WORK INSTRUCTIONS> The lines to reproduce from the material below are those from the one containing "Bank of China" through the one containing "قوطی حلبی قدیمی", both included; write them out exactly and add nothing.

RECORDS SUPPLIED>
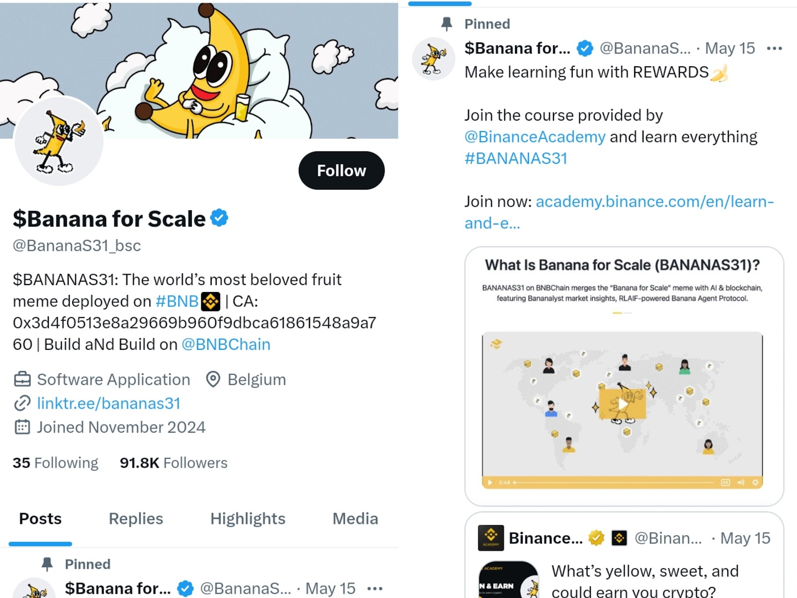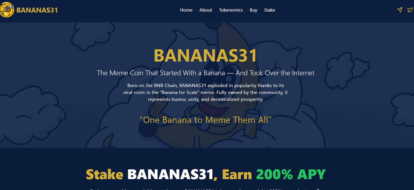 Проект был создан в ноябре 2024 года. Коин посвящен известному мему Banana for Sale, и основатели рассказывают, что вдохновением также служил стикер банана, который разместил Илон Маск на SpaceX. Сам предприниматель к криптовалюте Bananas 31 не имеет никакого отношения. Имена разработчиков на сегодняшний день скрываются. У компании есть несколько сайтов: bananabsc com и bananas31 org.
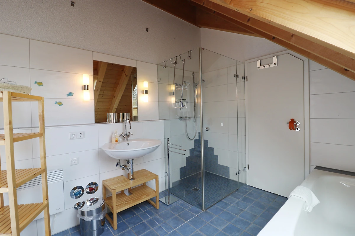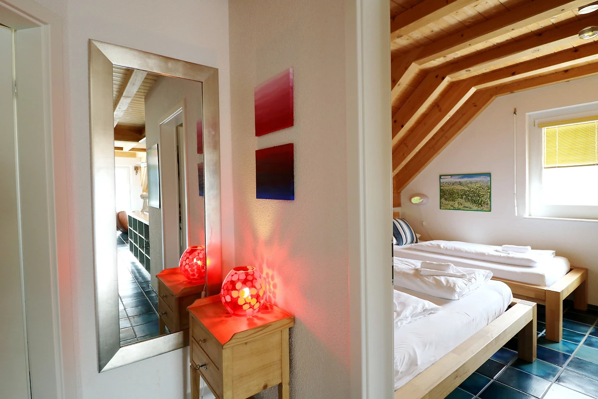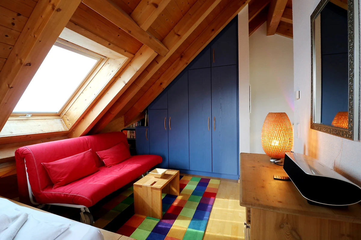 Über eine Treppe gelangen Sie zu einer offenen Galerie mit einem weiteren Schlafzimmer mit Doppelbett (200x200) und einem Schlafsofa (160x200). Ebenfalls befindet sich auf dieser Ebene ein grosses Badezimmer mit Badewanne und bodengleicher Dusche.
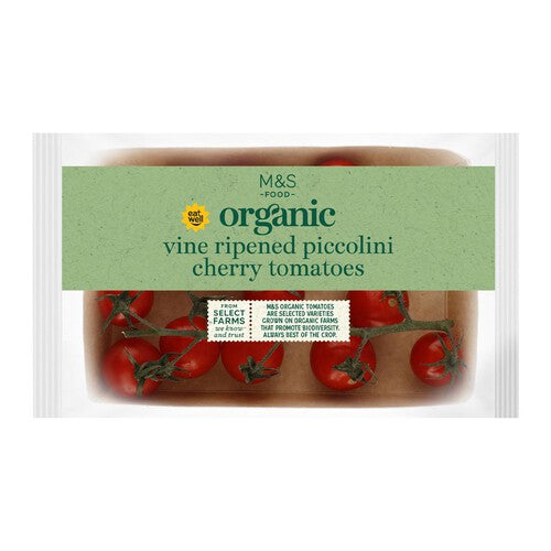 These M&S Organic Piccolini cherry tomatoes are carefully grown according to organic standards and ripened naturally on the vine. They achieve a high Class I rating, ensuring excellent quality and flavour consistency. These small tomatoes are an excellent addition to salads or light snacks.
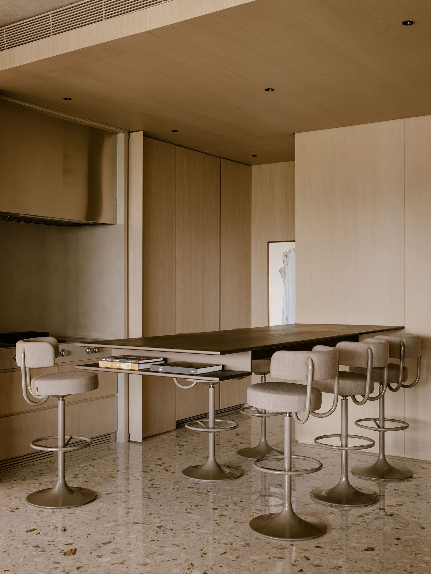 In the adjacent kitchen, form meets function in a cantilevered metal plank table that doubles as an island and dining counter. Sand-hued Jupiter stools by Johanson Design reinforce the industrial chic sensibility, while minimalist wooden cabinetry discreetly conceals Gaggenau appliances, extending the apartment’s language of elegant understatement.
--
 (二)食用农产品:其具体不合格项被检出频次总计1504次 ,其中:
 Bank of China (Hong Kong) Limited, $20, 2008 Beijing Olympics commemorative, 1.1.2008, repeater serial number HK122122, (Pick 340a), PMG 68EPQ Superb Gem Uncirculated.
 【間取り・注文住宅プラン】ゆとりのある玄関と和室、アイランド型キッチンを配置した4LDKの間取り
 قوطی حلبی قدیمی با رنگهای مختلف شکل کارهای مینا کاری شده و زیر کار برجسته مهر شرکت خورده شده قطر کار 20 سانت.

ANSWER TO THE EXERCISE>
 Bank of China (Hong Kong) Limited, $20, 2008 Beijing Olympics commemorative, 1.1.2008, repeater serial number HK122122, (Pick 340a), PMG 68EPQ Superb Gem Uncirculated.
 【間取り・注文住宅プラン】ゆとりのある玄関と和室、アイランド型キッチンを配置した4LDKの間取り
 قوطی حلبی قدیمی با رنگهای مختلف شکل کارهای مینا کاری شده و زیر کار برجسته مهر شرکت خورده شده قطر کار 20 سانت.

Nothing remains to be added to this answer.